The red flags started waving around cryptocurrency lending platform Celsius Networks late last year.

That’s when the company’s then-chief financial officer, Yaron Shalem, was charged in Israel in connection with an alleged crypto scam that Israeli police say defrauded victims around the world.

The alleged fraud predated Shalem’s days working for Celsius, but his arrest couldn’t have come at a worse time — just as the company had closed a $750 million funding round that valued it at $3.5 billion.

While the charges against Shalem were initially kept under seal in Israel, news of his arrest leaked out in the press almost immediately. Yet it took Celsius days to acknowledge that the man responsible for minding their books had been implicated in a major fraud case at another company.

Shalem was eventually suspended and has since left the firm, the company has said. Lawyers for Shalem have denied that he was engaged in any wrongdoing.

In the months prior, Celsius had been hit with several cease and desist orders from regulators in New Jersey, New York, Kentucky, Alabama and Texas, demanding it stop selling its primary investment product because it was unregistered and in violation of state laws.  Celsius had been paying high rates of interest to customers who kept their cryptocurrencies on the platform at a time when most investment products struggled to provide meaningful yields to investors.

Celsius founder Alex Mashinsky said in January that regulators had come back with a “thumbs up” after looking into the company’s business. He kept running the company out of Hoboken, N.J.

Then, in late January, Bloomberg reported that the Securities and Exchange Commission had begun taking a closer look into Celsius’ operations.

Previously, it had emerged that the company’s former head of institutional lending from 2018 until 2020, who was in control of hundreds of millions of dollars in assets, had little background in finance or crypto, and had once worked in the porn industry. 

A message sent to representatives of Celsius wasn’t immediately returned.

In recent months, the entire crypto market has been in free fall, with some leading currencies like bitcoin BTCUSD, -13.74% and ethereum plunging by more than 60%, and other blockchain-backed coins seeing their value evaporate completely. 

Celsius saw its asset under management dip from what it said was $26 billion in October to $12 billion as of May.

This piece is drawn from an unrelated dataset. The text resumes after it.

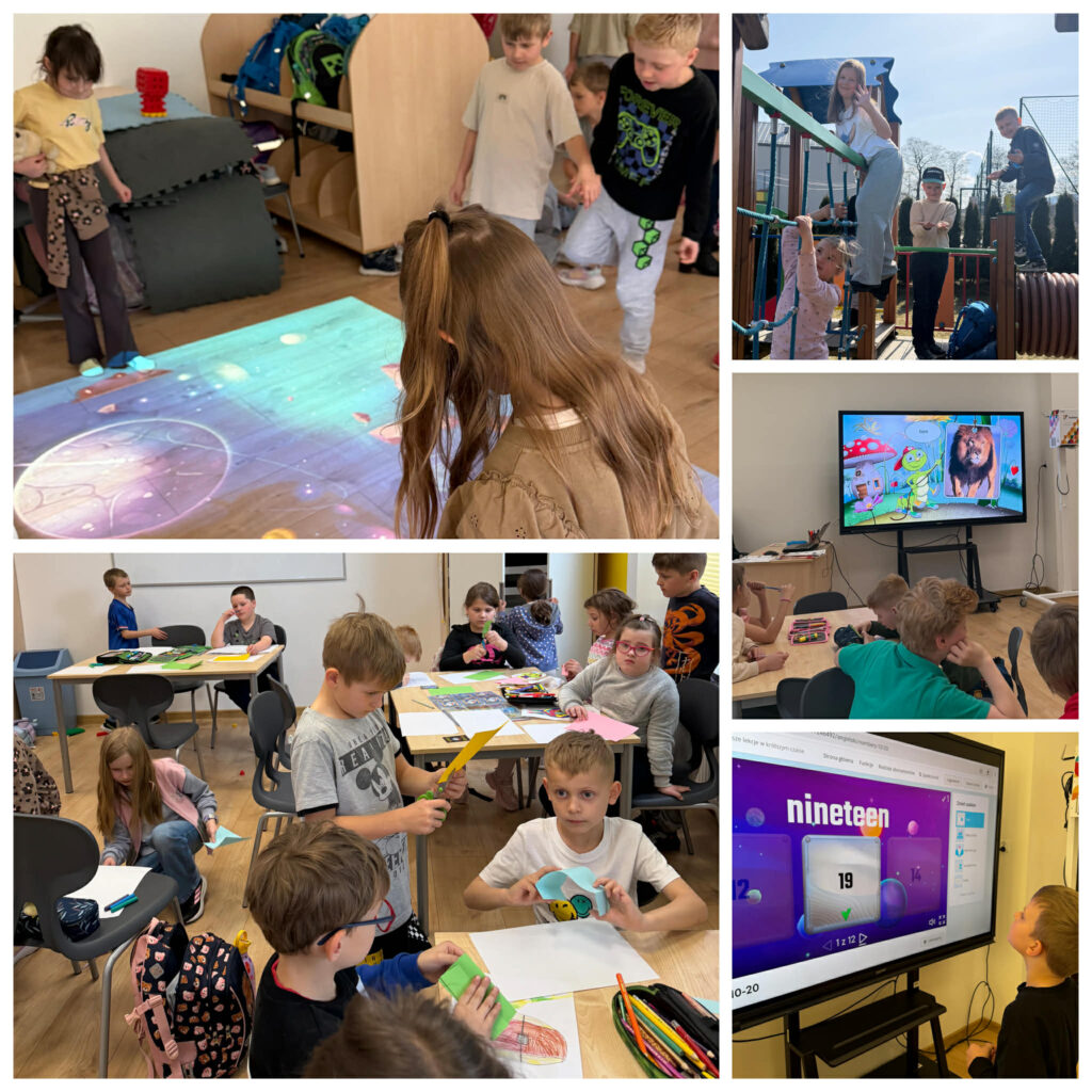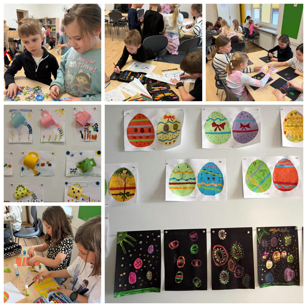 Po powrocie z ferii przywitała nas piękna pogoda ☀️, dlatego chętnie spędzaliśmy czas na świeżym powietrzu, bawiąc się na placu zabaw i rozwijając naszą sprawność ruchową 🏃‍♀️🏃‍♂️ W marcu nie zabrakło też ważnych tematów 💐 Z okazji Dnia Kobiet dzieci przygotowały piękne laurki i drobne upominki 🎁 Następnie powitaliśmy wiosnę 🌷, tworząc kolorowe prace plastyczne pełne radości i kreatywności 🎨 Pod koniec miesiąca skupiliśmy się na Świętach Wielkanocnych 🐣 Dzieci rozwiązywały łamigłówki, a także wykonały przepiękne pisanki 🥚✨ W międzyczasie odbywały się również różnorodne zajęcia rozwijające 📚🎶🇬🇧 – język angielski, zajęcia muzyczne i czytelnicze, które wspierały rozwój kluczowych umiejętności naszych uczniów 🤝💡 To był bardzo aktywny i radosny miesiąc! 😊

The company said $8 billion of that had been loaned to investors.

Late on Sunday, it all came tumbling down: Celsius announced that it was freezing all withdrawals, swaps and transfers by investors, citing “extreme market conditions.”  

“We are taking this necessary action for the benefit of our entire community in order to stabilize liquidity and operations while we take steps to preserve and protect assets,” the company said in a statement,

While Celsius could recover, the move raised serious questions about its solvency and triggered a broad sell off of crypto currencies on Monday. Major stablecoin issuer, Tether USDTUSD, , had been a large investor in Celsius. On Monday, Tether issued a statement describing Celsius’ woes as the “unfortunate result of market volatility and extreme market conditions,” and that they had no impact on “our own reserves or stability.”

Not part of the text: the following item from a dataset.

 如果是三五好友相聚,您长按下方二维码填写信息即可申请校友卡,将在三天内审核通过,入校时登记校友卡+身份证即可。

At the heart of this situation is Celsius’ offer to pay an eye-popping 12% interest to customers who parked their bitcoin and other high-value cryptocurrencies on the company’s platform. To fund this, Celsius said it sold its own coins, offered high-rate defi loans and had plans to open its own crypto mining operations. In recent years, numerous other lenders with similar type business models have popped up.

But market watchers have long been skeptical that the numbers added up or if the model was strong enough to withstand a serious market downfall.

It may now be up to financial regulators to figure it all out.